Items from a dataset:
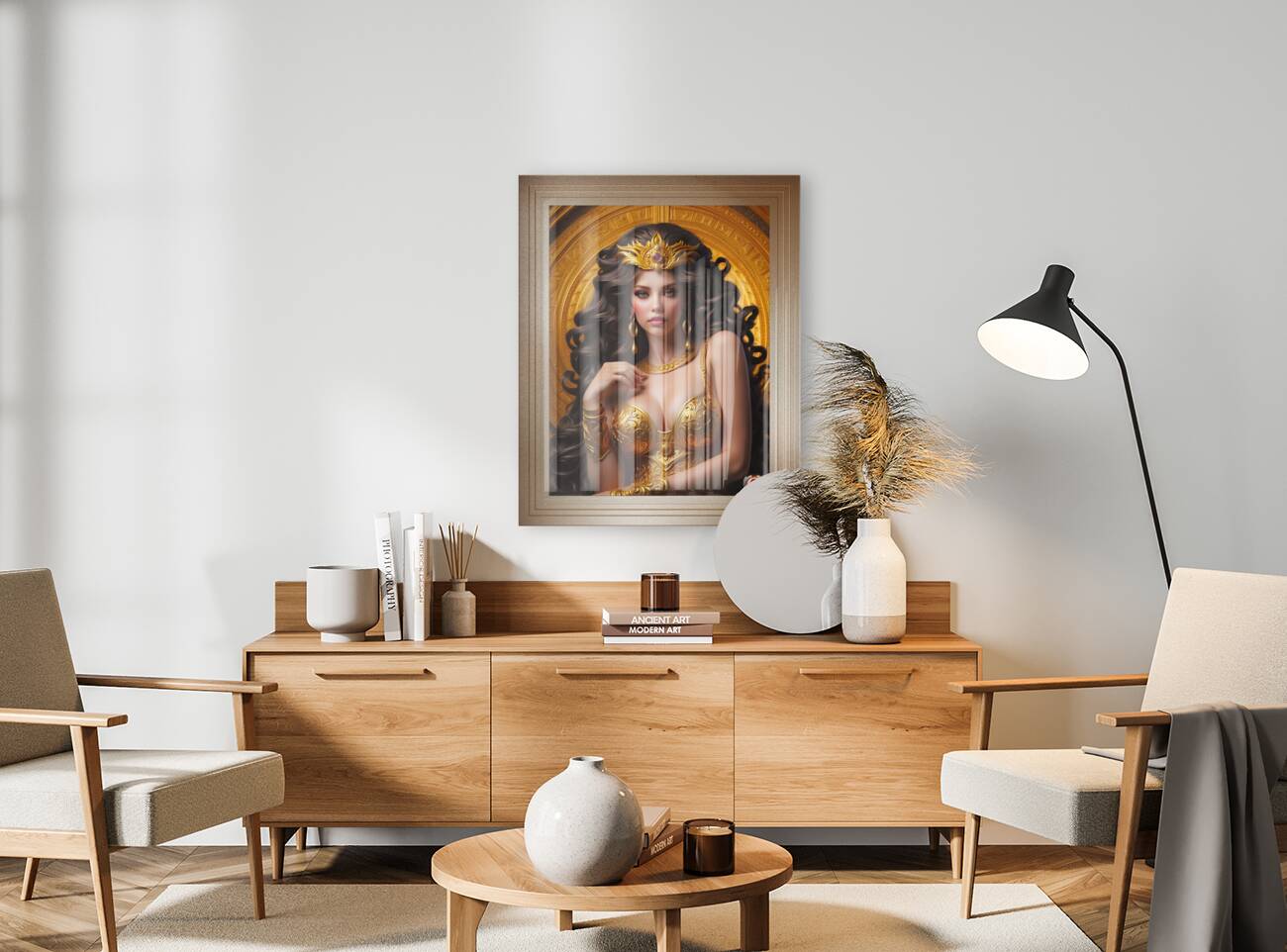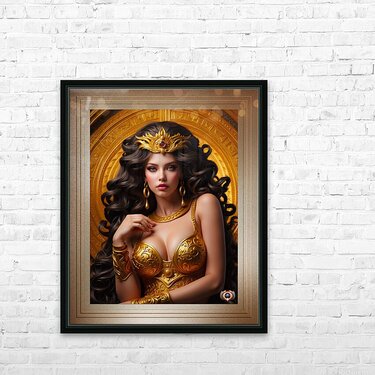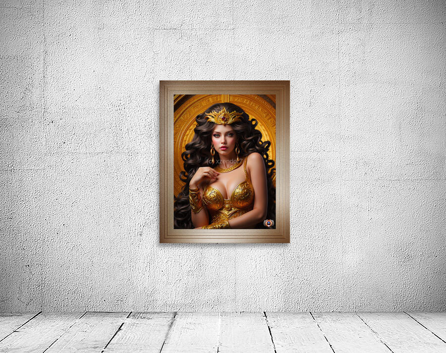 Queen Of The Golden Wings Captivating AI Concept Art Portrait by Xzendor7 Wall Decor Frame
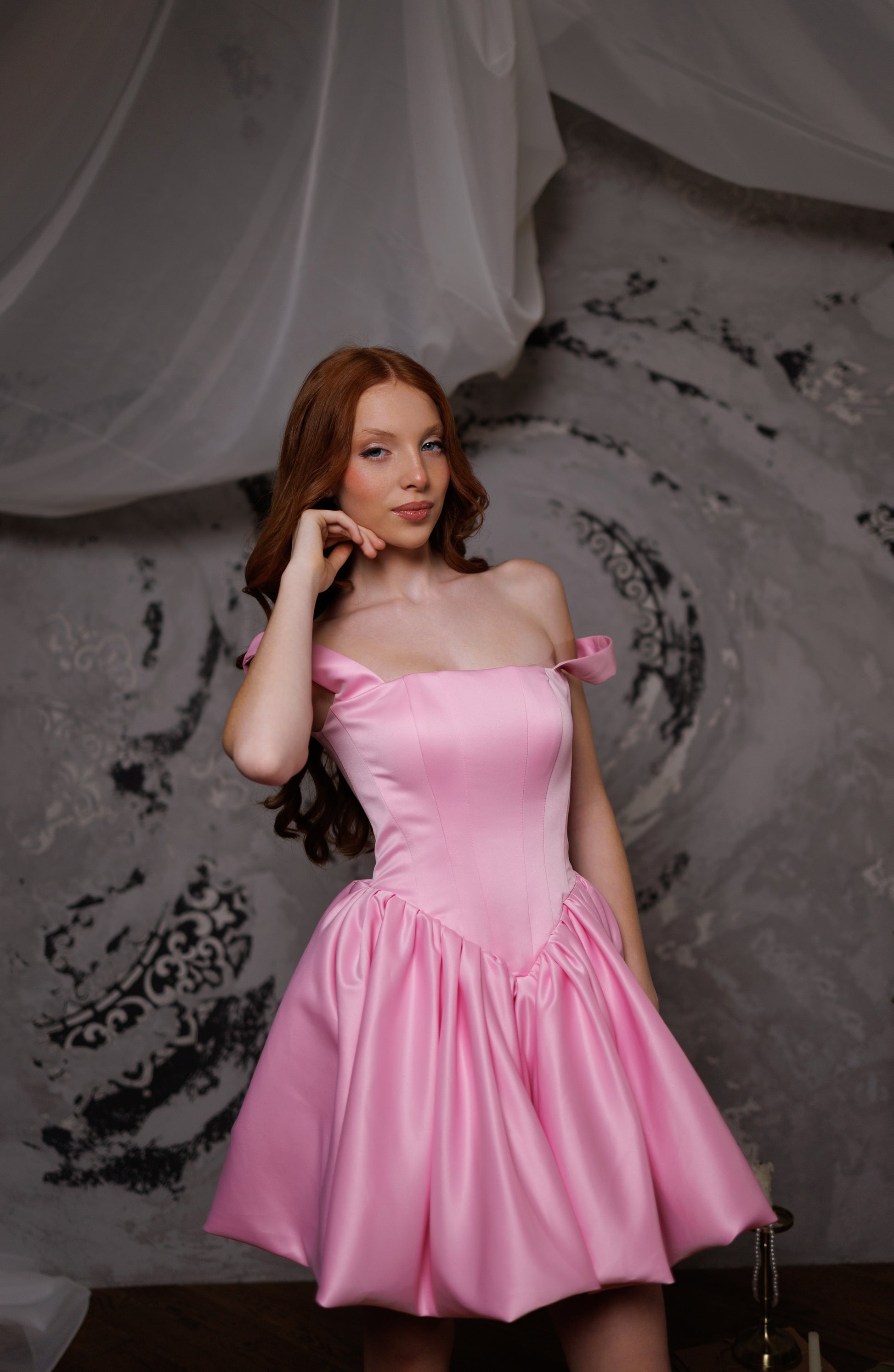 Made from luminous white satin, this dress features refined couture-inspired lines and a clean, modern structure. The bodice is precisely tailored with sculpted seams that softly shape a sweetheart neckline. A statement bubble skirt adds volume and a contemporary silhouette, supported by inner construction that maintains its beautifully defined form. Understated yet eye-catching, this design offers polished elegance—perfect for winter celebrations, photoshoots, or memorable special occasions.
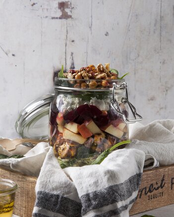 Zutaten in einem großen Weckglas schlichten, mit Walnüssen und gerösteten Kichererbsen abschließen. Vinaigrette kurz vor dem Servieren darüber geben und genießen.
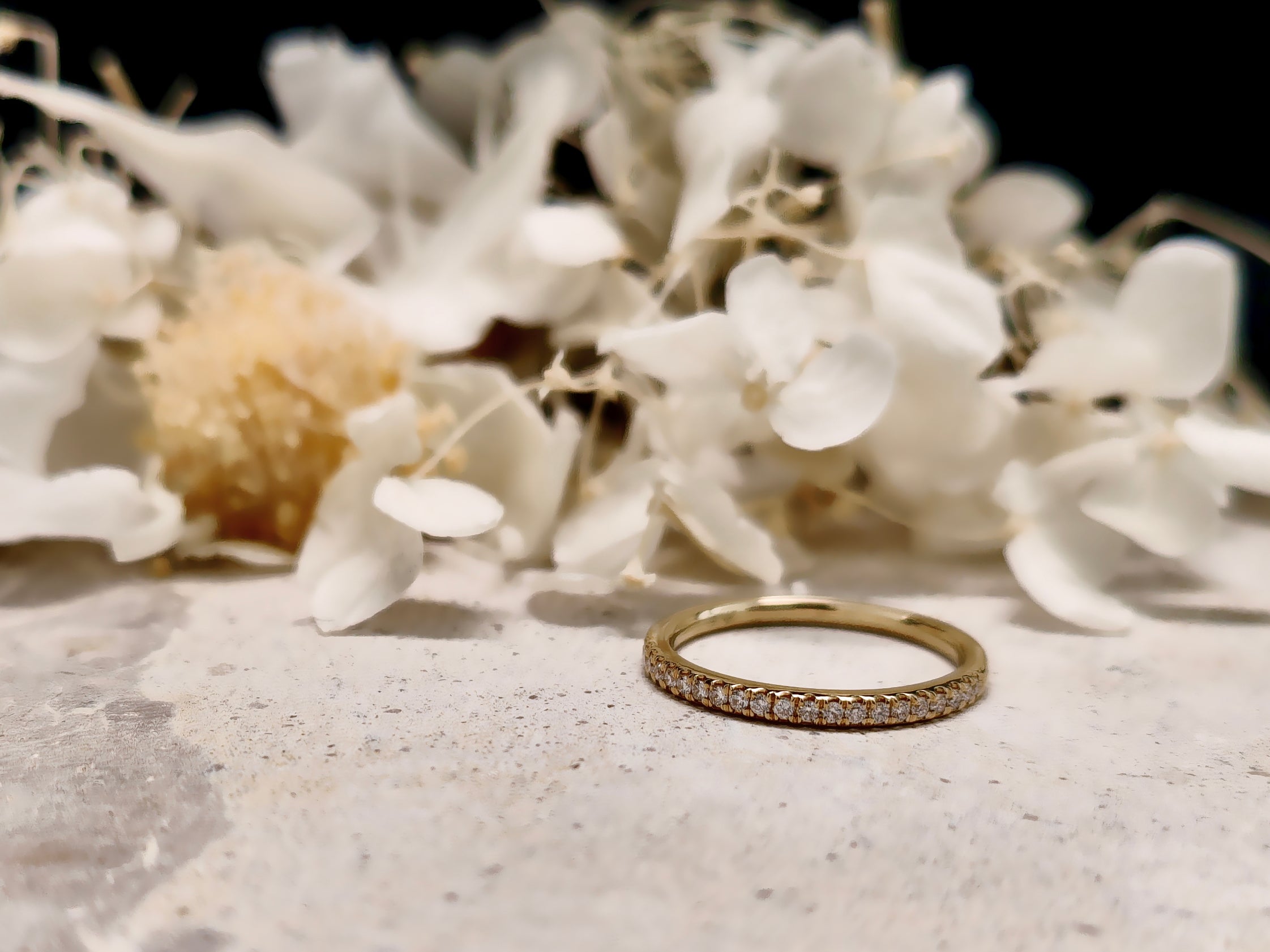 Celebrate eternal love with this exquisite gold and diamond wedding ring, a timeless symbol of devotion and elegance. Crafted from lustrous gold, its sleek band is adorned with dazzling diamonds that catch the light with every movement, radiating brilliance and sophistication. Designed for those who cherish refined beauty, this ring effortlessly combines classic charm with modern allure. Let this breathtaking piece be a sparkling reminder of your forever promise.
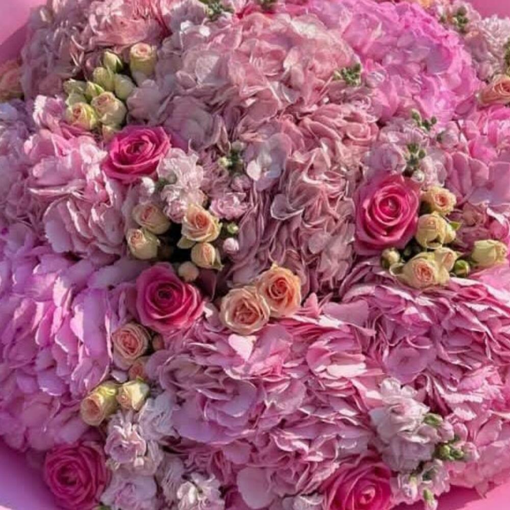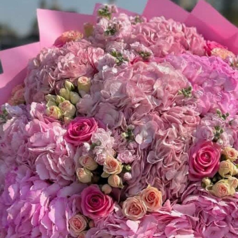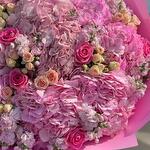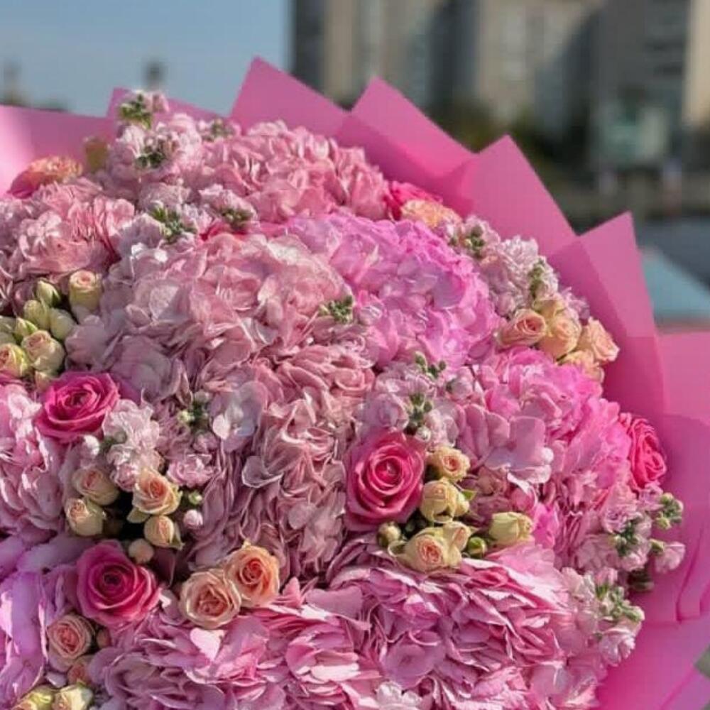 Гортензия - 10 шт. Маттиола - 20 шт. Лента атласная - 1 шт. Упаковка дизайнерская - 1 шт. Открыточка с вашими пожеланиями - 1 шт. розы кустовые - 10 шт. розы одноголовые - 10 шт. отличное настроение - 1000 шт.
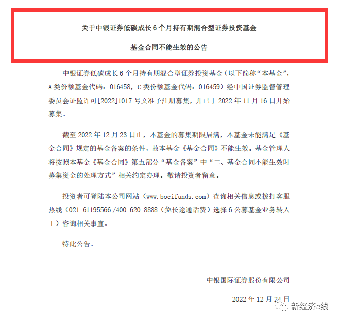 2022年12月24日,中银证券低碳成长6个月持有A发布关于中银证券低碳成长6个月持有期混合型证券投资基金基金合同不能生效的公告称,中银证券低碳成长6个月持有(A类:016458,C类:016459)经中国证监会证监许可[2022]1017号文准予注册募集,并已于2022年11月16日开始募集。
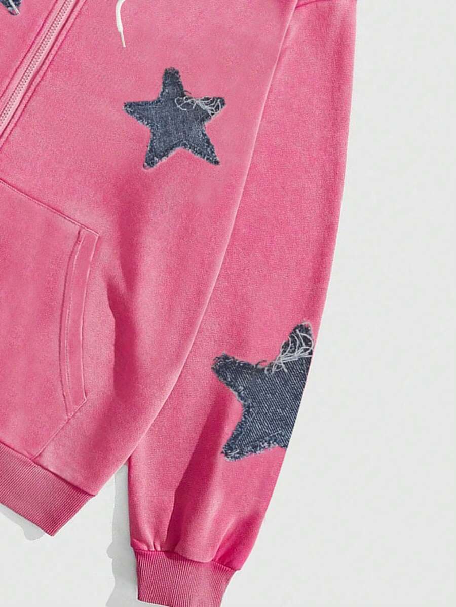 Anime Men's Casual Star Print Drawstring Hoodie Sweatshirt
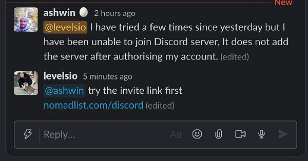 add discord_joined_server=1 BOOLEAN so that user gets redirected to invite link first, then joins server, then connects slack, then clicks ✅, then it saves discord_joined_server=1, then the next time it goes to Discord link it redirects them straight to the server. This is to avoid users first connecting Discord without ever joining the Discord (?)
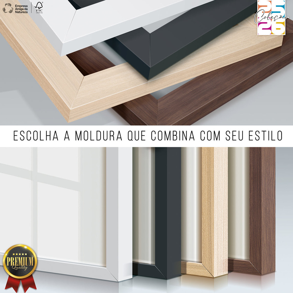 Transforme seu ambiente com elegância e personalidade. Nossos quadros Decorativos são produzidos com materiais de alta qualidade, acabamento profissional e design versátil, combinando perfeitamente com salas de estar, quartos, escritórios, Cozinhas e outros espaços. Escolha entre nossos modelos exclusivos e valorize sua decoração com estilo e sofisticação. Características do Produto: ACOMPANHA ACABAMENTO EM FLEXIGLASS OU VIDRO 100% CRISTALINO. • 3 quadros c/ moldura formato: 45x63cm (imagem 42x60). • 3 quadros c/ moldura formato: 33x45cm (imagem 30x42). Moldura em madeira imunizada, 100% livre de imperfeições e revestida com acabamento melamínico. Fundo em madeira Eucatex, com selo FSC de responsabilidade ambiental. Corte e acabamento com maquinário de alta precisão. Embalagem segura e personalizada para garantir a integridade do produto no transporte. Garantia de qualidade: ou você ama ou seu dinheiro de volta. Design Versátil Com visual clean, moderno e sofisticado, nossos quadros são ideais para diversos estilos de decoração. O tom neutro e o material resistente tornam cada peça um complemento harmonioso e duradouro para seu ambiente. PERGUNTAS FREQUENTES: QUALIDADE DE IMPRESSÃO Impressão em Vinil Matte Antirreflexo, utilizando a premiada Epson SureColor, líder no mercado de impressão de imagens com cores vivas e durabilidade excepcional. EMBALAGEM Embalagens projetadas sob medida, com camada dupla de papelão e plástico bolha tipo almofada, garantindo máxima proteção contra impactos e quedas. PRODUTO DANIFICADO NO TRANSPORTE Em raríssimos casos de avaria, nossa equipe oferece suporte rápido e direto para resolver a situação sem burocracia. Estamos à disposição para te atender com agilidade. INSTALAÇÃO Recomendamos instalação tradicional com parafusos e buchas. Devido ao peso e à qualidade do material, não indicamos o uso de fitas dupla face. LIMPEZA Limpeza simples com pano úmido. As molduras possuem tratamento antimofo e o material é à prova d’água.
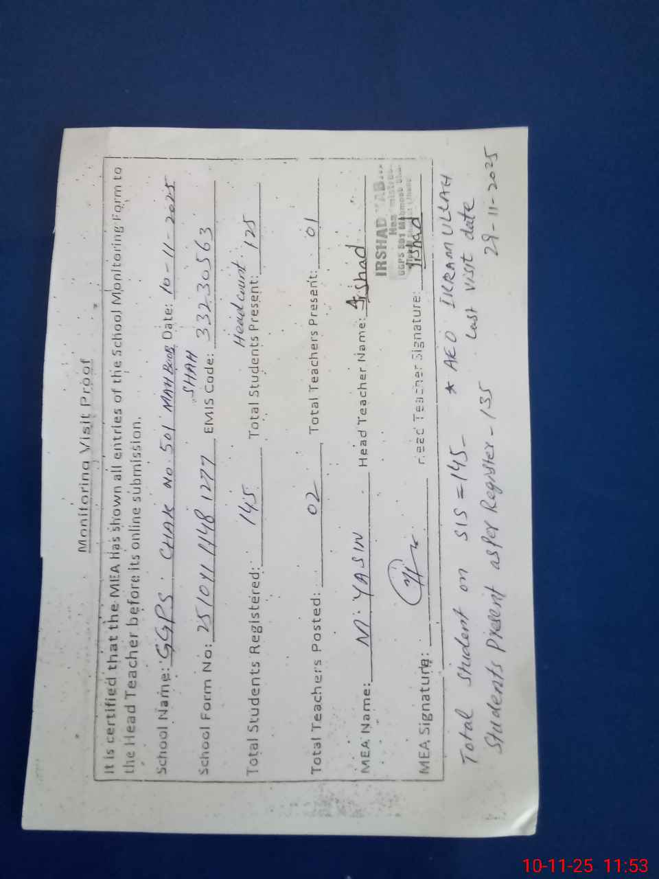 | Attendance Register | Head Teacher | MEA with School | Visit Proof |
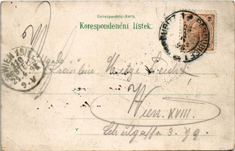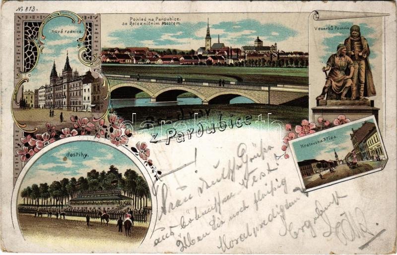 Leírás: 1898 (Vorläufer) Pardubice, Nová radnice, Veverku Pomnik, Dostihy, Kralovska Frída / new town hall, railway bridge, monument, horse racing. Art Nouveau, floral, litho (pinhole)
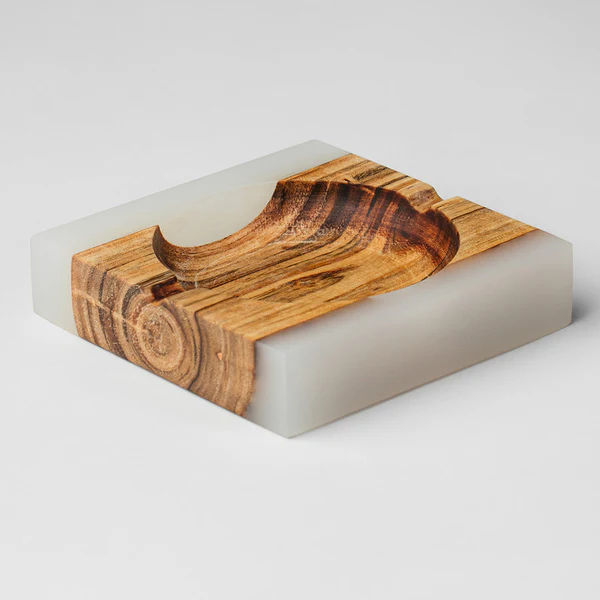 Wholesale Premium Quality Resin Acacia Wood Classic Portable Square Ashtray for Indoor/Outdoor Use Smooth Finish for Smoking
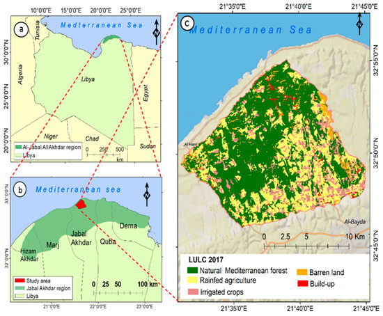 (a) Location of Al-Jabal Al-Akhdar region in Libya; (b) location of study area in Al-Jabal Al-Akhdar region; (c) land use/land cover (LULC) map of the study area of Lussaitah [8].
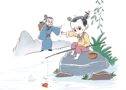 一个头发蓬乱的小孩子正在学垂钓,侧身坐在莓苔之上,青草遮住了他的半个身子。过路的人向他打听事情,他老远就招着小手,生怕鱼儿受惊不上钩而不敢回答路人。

WHAT IS NEEDED:
Only the lines from the one holding "Wholesale Premium Quality" through the end of the data are to be printed, exactly as they stand and with no pictures.

RESPONSE TO THIS TASK:
 Wholesale Premium Quality Resin Acacia Wood Classic Portable Square Ashtray for Indoor/Outdoor Use Smooth Finish for Smoking
 (a) Location of Al-Jabal Al-Akhdar region in Libya; (b) location of study area in Al-Jabal Al-Akhdar region; (c) land use/land cover (LULC) map of the study area of Lussaitah [8].
 一个头发蓬乱的小孩子正在学垂钓,侧身坐在莓苔之上,青草遮住了他的半个身子。过路的人向他打听事情,他老远就招着小手,生怕鱼儿受惊不上钩而不敢回答路人。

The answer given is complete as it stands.